Furthermore, the build-to-rent schemes we have seen in London to date have been high-value, aimed at the top of the market, and not accessible to most private tenants.

Last week the discussion moved on with the Mayor of London’s new supplementary planning guidance, which, amongst other things, produced the first definition of build-to-rent and set out the principles on which new developments of this sort would be taken forward in London.

Coming as it did with the new funding guidance for affordable housing, it has allowed us to understand better how the London Living Rent as an affordable tenure would work within these developments, and what is in it for private tenants.

The answer is less than we hoped for, but perhaps as much as we should expect. While we may want build-to-rent to be a driver of new, affordable and secure privately rented homes in the capital, it should more properly be seen as a means of leveraging a faster kind of supply (as homes are let out immediately) that will be suitable for some specific (higher-income) tenants.

So what of its social outcomes? The fact that build-to-rent developments will not be subject to the same 35% viability minimum as for-sale sites should already ring alarm bells that this isn’t going to drive up the building of much affordable stock.

The economics of build-to-rent are cited as the reason for this, but in practice we would expect developers to negotiate down the proportion of affordable housing on each site, given the returns they can make through high-value, market rent apartments and the lack of precedent in the city.

Compounding this is the ‘affordable’ homes they will need to offer. The guidance says that the affordable housing offer can be ‘discounted market rent’, ‘preferably’ the London Living Rent. The fact that the LLR isn’t mandated is problematic and you would expect homes to be built that cost much more to live in, given the difference between LLR levels of a third of local wages, and, say, 80% of the market.

Beyond affordability, it is positive that tenants look likely to be more secure than in a typical PRS home. The guidance states that ‘Longer tenancies (three years or more) should be available to all tenants’, and that they should include break clauses to allow renters to exit with a month’s notice as necessary. CPI-linked rent increases would also be part of these contracts.

To confuse matters, though, the affordable housing prospectus this week also announced that London Living Rent homes would ultimately be a homeownership model, with each unit having to be sold into shared ownership after ten years, although this won’t apply on Build-to-Rent developments, only where LLR is built through other sites.

Having London Living Rent units with quite different tenancy models is confusing anyway, but raises the wider question of who these homes are really for, and what their long-term purpose is. The cost of homeownership in London is such that many tenants just need a secure, affordable home that won’t push them towards an unsuitable mortgage, and will allow them to stay somewhere long-term.

Where tenants don’t qualify for social housing, the London Living Rent should fit that bill for many renters. But none of these tenures are built with the long-term in mind.

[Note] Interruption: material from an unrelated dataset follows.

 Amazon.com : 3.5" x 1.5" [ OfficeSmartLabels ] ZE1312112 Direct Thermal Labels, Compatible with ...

The new definition of Build-to-Rent states that homes on these developments must be rented for at least fifteen years.

It seems far from inconceivable that a developer would invest in a Build-to-Rent project, avoiding the more stringent affordability constraints put on sites for majority-sale, then rent out those homes at high rents for the time required, before finally cashing in and selling the units.

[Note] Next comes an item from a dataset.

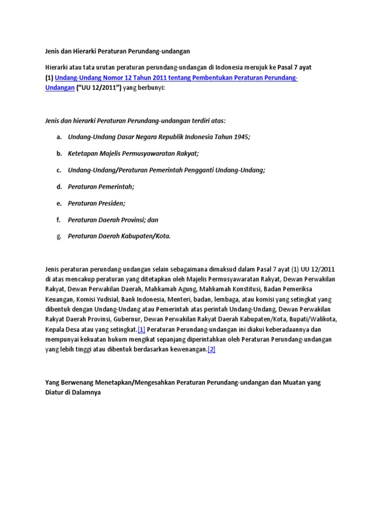 Mengurutkan Jenis Dan Hierari Peraturan Perundang Undangan Di Indonesia Sesuai Pasal 7 Undang Brainly Co Id

The guidance states that the affordable proportion in such a development would need to be retained, but given the uncertainty about what levels of affordable housing will be achieved, and at what rent levels, is this really the best use of planning powers?

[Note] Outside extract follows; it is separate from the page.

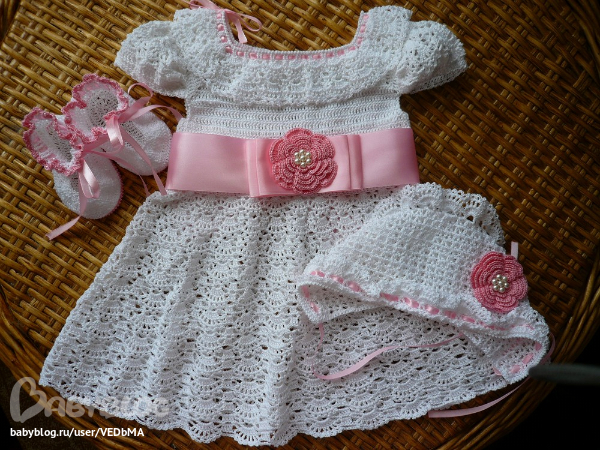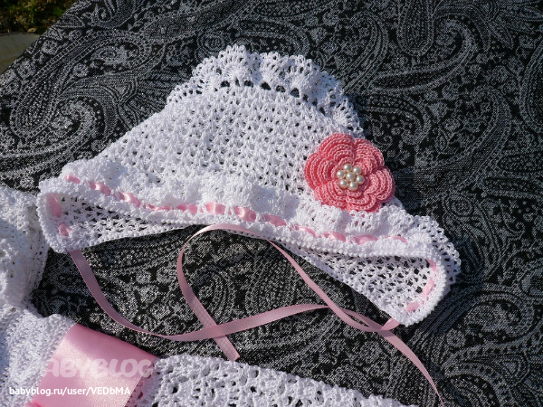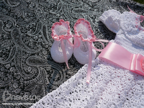 У меня как раз заказали крестильный комплект, можно сплагиатить вашу красоту???? Особенно поясок с цветочком понравился. Хочу связать нечто подобное.

The Mayor has repeatedly stated that it’s not just the numbers of homes we build that are important, but the types of homes. In other words, not all supply is good supply. This seems irrefutably true if, in the context of the city’s affordability crisis, precious land and resources are to be used for expensive, temporarily-rented private flats.

Ultimately it seems build-to-rent will work for some people, but not for most of ‘generation rent’, who will still be left wondering whether any politician understands what is needed to support them in the coming decades.